The storm that had turned the calm sheet of the Baltic Sea into a wave-tossed war zone during the night abated towards dawn. In the cotton-thick misty light above Melnrage beach I could see that the amber pickers were already hard at work.

“We love storms,” says Igoris Osnac, my amber guide, as he eagerly pulls on the three pairs of socks, rubber overalls and big boots he’ll wear to confront the icy waters below.

I’d arrived in the seaside resort of Klaipeda the previous day, after a three-hour drive from Vilnius along Holland-flat roads fringed by sparse, silver-legged birch forests that were planted here during the 50 years of Soviet occupation.

Ships in Klaipeda harbour
Ships in Klaipeda harbour (Heidi Fuller-Love)

I spied wood-framed dwellings – like Lego houses, with their neat gardens and red, blue and green roofs – and telegraph poles topped with the tyre-sized nests of Lithuania’s national bird, ciconia ciconia (the white stork), between the trees. When I stopped by the roadside near Kaunas for a lunch of salo-cured pork slabs between treacle-dark slices of rye bread, I could hear the hungry beaks of baby storks clattering like castanets.

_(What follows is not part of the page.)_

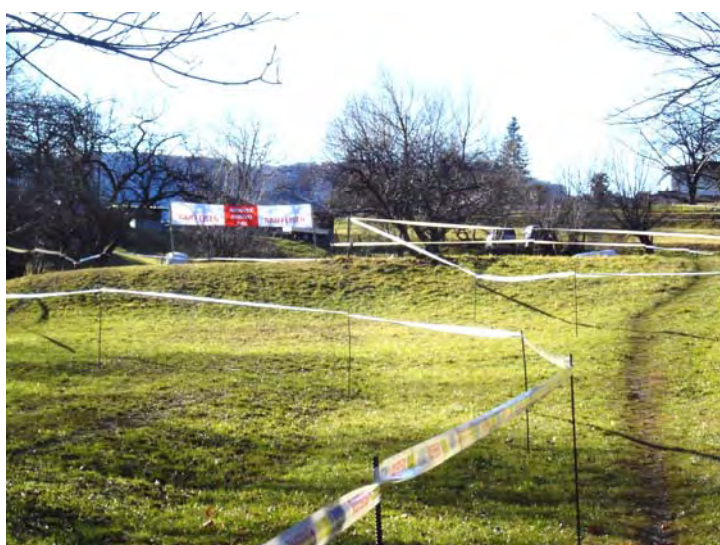
Nella foto: la parte finale del tracciato capriaschese.
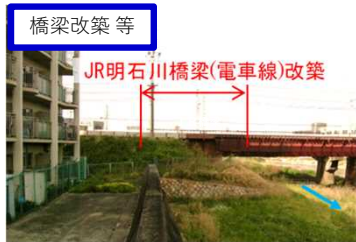
橋梁改築等 JR明石川橋梁(電車線)改築

After checking into the Old Mill – a boutique hotel at the heart of Klaipeda’s industrial harbour overlooking the Curonian Spit, whose wood-framed facade reminded me of the ribs of a half-built boat – I set off to meet Igoris in his museum-office near Klaipeda to learn about “Gintaro gaudymo paslaptys”. Translation: the secrets of catching amber.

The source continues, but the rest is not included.